With his insider's perspective on the emergence of grunge, does Arm understand how a group of bands from the Seattle area gave rise to not just a musical movement, but what became a pop cultural event?

Arm pauses. "I don't understand it," he says. "It was kind of weird."

During the time Mudhoney have been around, since the late '80s, countless other bands have emerged and broken up, so how does Arm account for the longevity of his band?

"A couple of things, one being that we didn't have any goals and we didn't give a shit about becoming rock stars or popular or anything like that. By the time we started in '88, after the whole punk thing, we knew that chances are the music that we loved and what we do is not going to go anywhere near the charts, it's not going to be played on radio, except maybe college radio. It's not going to be anything that's going to give us fame and fortune and that's not what we're in it for. So, we had fairly realistic expectations - lowered expectations, if you will. Unlike some of our predecessors, we never feel like we've been cheated because we weren't huge."

The other reason for the band's long existence was "just sort of by accident. At the beginning we decided to credit everyone equally for the songs and divide everything up equally and looking back on it I think that was a really smart idea. We're not a touring band now; everyone's got their lives and if we can squeeze in Mudhoney stuff, we will."
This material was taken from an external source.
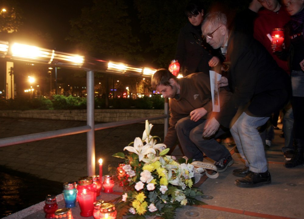 Kolona od petstotinjak ljudi s upaljenim svijećama prekinula je nakratko njihova bezbrižna mladenačka čavrljanja. Došli su s Trga Sv. Barbare gdje su se okupili da bi se prisjetili 23-godišnjeg studenta Aleksandara Abramova, kojeg su prije četiri mjeseca trojica mladića do smrti pretukla. Uza zid gdje je preminuo, ispod njegove slike, položili su svijeće te mirno i dostojanstveno krenuli preko Korza do mjesta još jedne tragedije.

Arm says that at times the public has the wrong idea about what the lives of people in bands is like, saying that there seems to be a perception that, for example, the way Eminem is portrayed on MTV is akin to the lifestyle experienced by most musicians.

"Some people get freaked out when I tell them I have a job," he says. "They are, like, 'Why do you work?'. They think I collect huge royalty cheques and just sit around and smoke pot and make music. And probably get blowjobs at the same time."
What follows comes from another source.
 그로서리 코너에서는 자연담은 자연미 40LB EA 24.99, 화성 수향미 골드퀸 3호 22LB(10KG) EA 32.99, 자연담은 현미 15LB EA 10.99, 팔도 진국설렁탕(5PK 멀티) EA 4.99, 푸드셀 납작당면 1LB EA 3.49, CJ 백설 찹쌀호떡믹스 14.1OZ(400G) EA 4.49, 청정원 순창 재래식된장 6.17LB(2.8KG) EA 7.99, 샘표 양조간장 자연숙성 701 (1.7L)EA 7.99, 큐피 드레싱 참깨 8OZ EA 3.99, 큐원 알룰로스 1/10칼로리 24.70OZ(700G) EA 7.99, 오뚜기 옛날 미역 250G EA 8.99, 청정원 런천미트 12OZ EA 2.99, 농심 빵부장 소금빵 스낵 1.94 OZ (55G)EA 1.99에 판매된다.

Yet during the time they have been in Mudhoney, Arm and his band mates have continued living regular, un-rock'n'roll lives: "...having a job, living in a house, paying your mortgage, eating food", as he says. Guitarist Steve Turner even found the time to study at university.

"He never ended up getting a degree," says Arm. "He's nothing if not a failure and a disappointment to his parents, and everyone in the band and everyone he knows. We hope someday he'll get his ass back to school and get his shit together."



Mudhoney play at the Enigma Bar on Wed 2 March.